NDG Book Review: “The Time of Our Lives”

Times of Our LivesThe view you have from where you sit is a very good one.

You can see highs and lows, happy things, and improvements to be made. Some of what you spy makes you laugh, while others give you pause or cause concern. From where you sit, you can see for miles – and, as does Peggy Noonan in her new book “The Time of Our Lives,” you can see years into the past.

As a new college graduate in the early 1970s, writer Peggy Noonan says that she received an “unplanned gift” from her first job at a CBS affiliate in Boston: the newsroom was full of “old, semicurmudgeonly correspondents and editors, and they taught me by reading, editing and rewriting my hourly news broadcasts.” She learned how to “clear something up,” change minds, and create stories.

From there she became a “news gatherer,” a speechwriter and author, and in 2000, she was asked to write a column for the Wall Street Journal. When a friend suggested a bound collection of favorite works, Noonan began poring through boxes.

Her first offering: the transcript of a commencement address, in which she spoke of being a Presidential speechwriter.
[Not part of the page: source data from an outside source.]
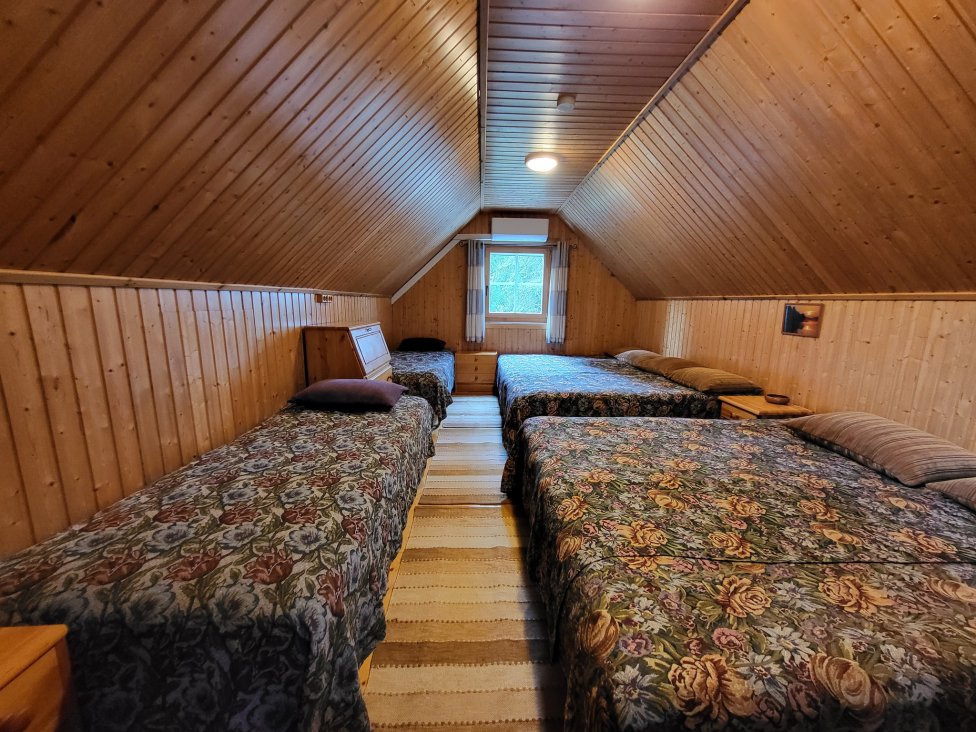 - antrame aukšte vienas kambarys miegui (8 gulimos vietos) ir poilsiui su televizoriumi, radijo/CD grotuvu;
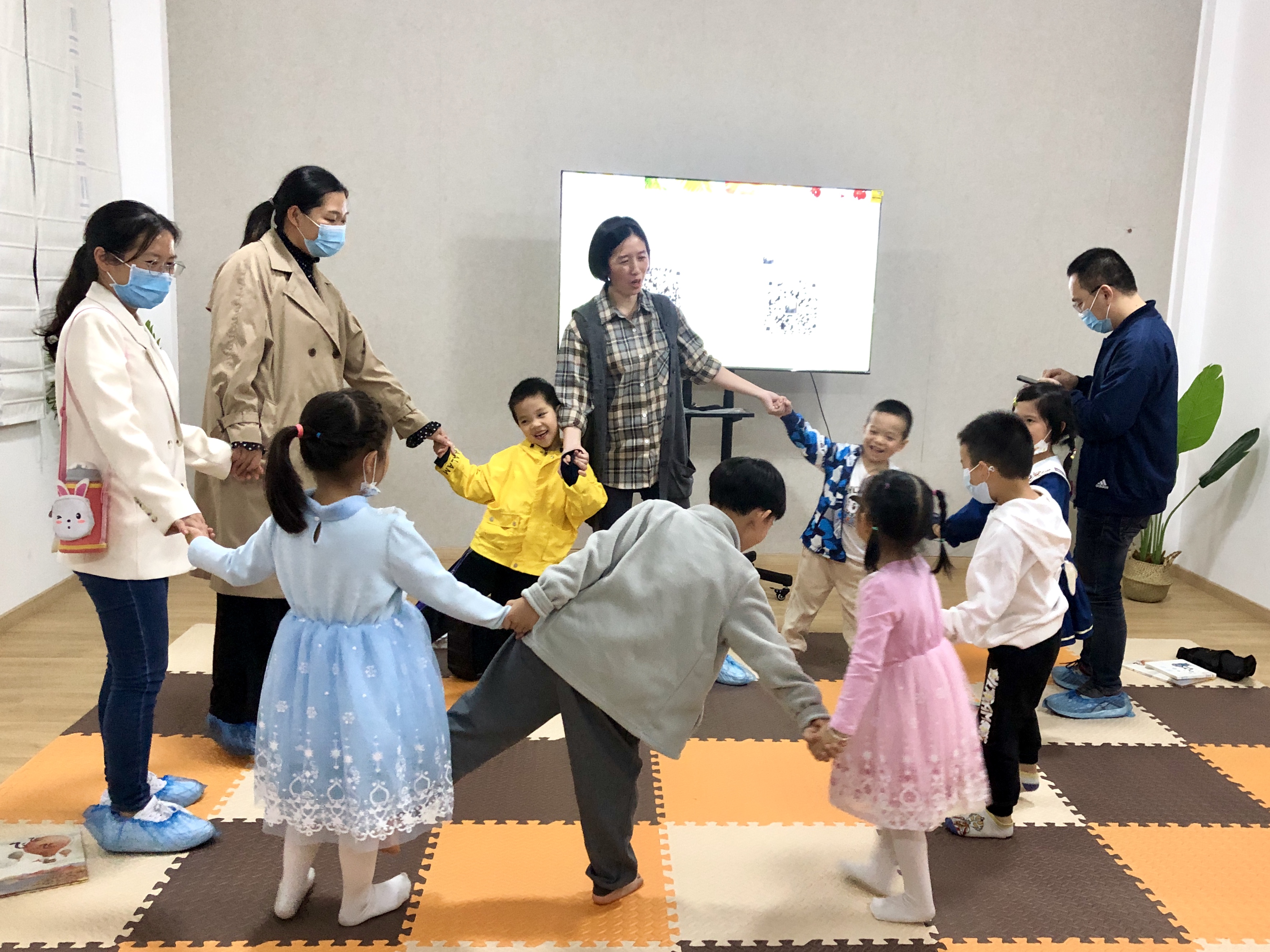 接着,缪愉老师分享了三种共读方式,家长孩子们带着问题,自由阅读讨论,启发孩子们的思考。随后,带领家长孩子们一起玩共读游戏——“有趣的拟声词”。孩子们在游戏中,不仅学会了很多小动物的叫声,还锻炼了手眼协调能力,真是一举两得呀!
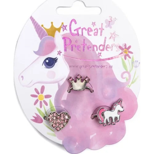 Ge leken en gnistrande touch med detta vackra ringset från Great Pretenders! Setet innehåller tre unika ringar med fantasifulla motiv:

“It’s heaven,” she says simply, before elaborating with tales of monumental disasters, intuition, and working with Ronald Reagan.
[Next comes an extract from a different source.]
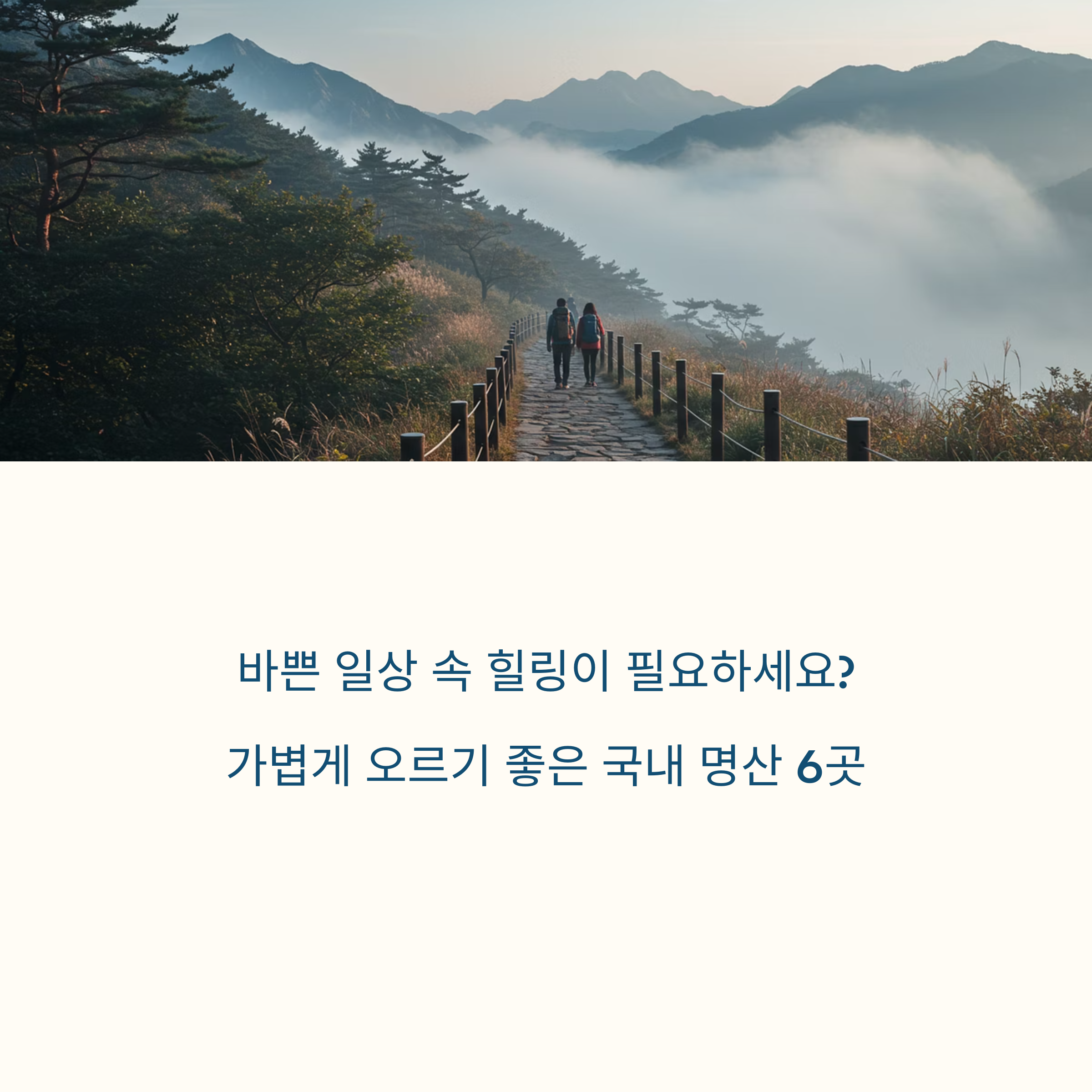 안녕하세요, 여러분! 요즘 날씨 정말 좋지 않나요? 햇살 좋은 주말이면 몸이 근질근질해서 밖으로 나가고 싶어지는 건 저만 그런 건 아닐 거예요. 사실 얼마 전, 친구랑 가볍게 다녀온 산이 너무 인상 깊어서 오늘은 여러분께도 꼭 소개해드리고 싶었어요. 험한 등산 말고, 도시 근처에서 편하게 오를 수 있는 국내 명산들을 정리해봤답니다. 저처럼 초보자분들이나 가족, 연인끼리도 부담 없이 다녀올 수 있는 곳들로요!

In this book, Noonan eulogizes friends and the famous: Joan Rivers, of whom Noonan says “She had no edit function, which in part allowed her gift” of warmth; the “sweet and austere” Jacqueline Kennedy; writer Tennessee Williams; soldiers Alvin York and Audie Murphy; and former President Reagan.

She shares her views on books, politics, and political scandals. She writes lovingly of her city, post-September 11, 2001, and how New Yorkers dealt with tragedy. She reflects on the Catholic Church, and worshipping there.
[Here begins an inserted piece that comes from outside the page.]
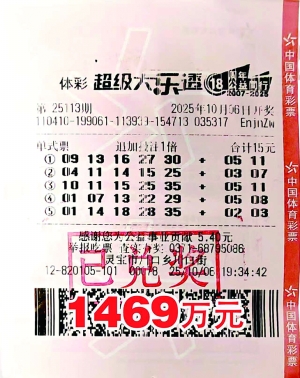 本报讯(记者 张瑜)金秋十月,硕果盈枝。10月6日开奖的中国体育彩票超级大乐透第25113期,一位来自灵宝的幸运购彩者成功揽获1469.8万元巨额头奖,中奖者难掩激动之情,表示将合理规划奖金使用,并与家人共享喜悦。从摇奖设备的严格检测到开奖过程的全程公证,再到奖金的准时足额兑付,体彩的每一次开奖都成为一场阳光下的盛典,让每一份幸运的降临都真实可信。
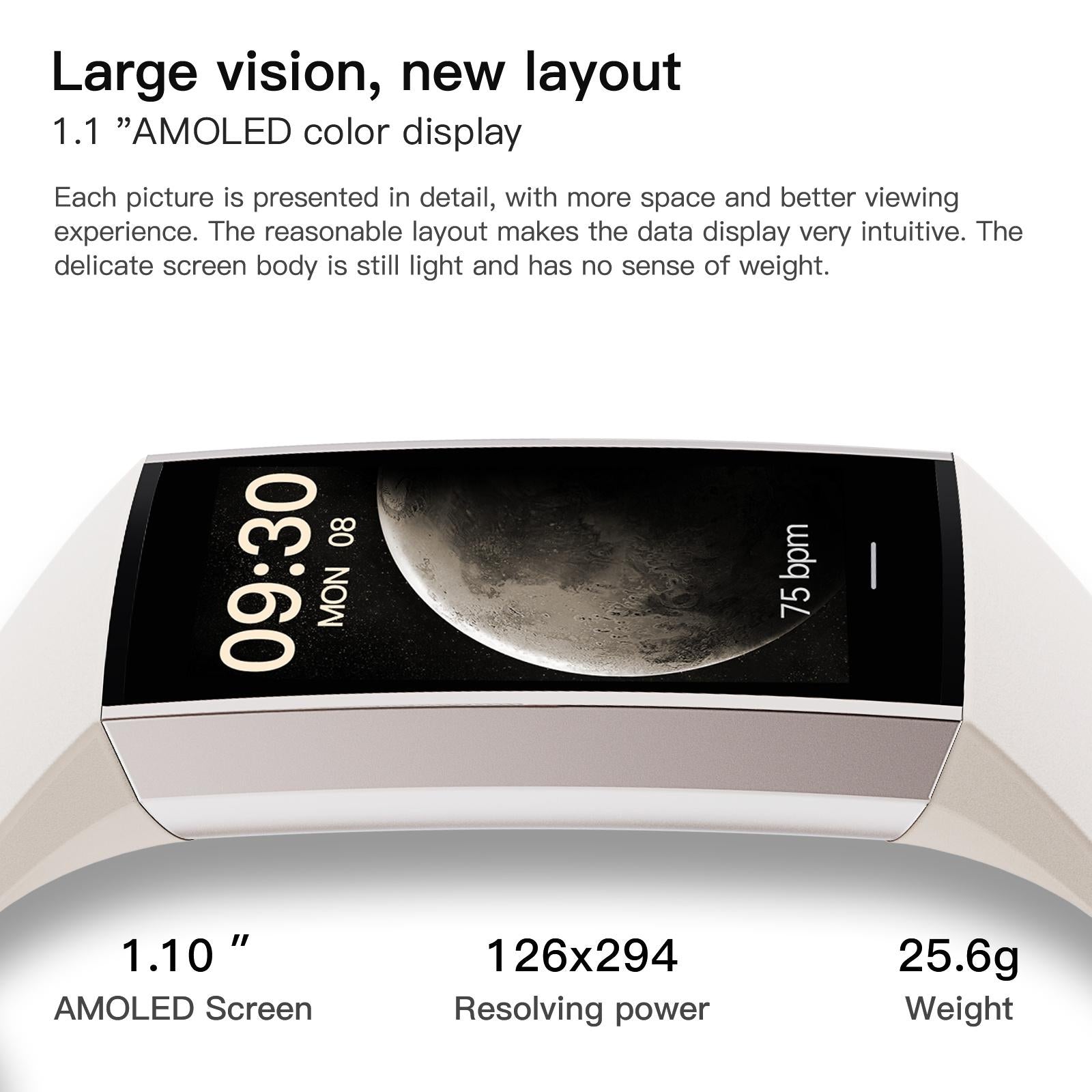 • 1.1-inch AMOLED HD Touch colour screen for clear call and message reminders

And despite that many of these columns were penned years ago, Noonan seems prescient at times. She writes about “safe rooms” at college, immigration, Iraq, terrorism, having a common language as a nation, and other topics that were as relevant when written as they are today.

And that last point, well, there’s a surprise. Have we really been talking about the same things for all these years? Author Peggy Noonan seems to indicate as much, and in this memoir-essay-collection, she weighs in, too.

But first, starting with a brief look at her own life and early career, Noonan writes of former co-workers, elderly aunts, and an America where parents turned their children loose during the day and didn’t expect to see them until dinnertime. She proceeds by remarking on life, events, and how things have changed both politically and socially but she doesn’t rant. In “The Times of Our Lives,” Noonan is obviously opinionated, but respectfully so. In today’s culture of divisiveness, that may come as welcome relief to some readers.

All in all, this book was a pleasure to read and with short chapters, is easily browsable. It’s a calm look at current events and if you’re plugged into those topics, then “The Times of Our Lives” is worth a view.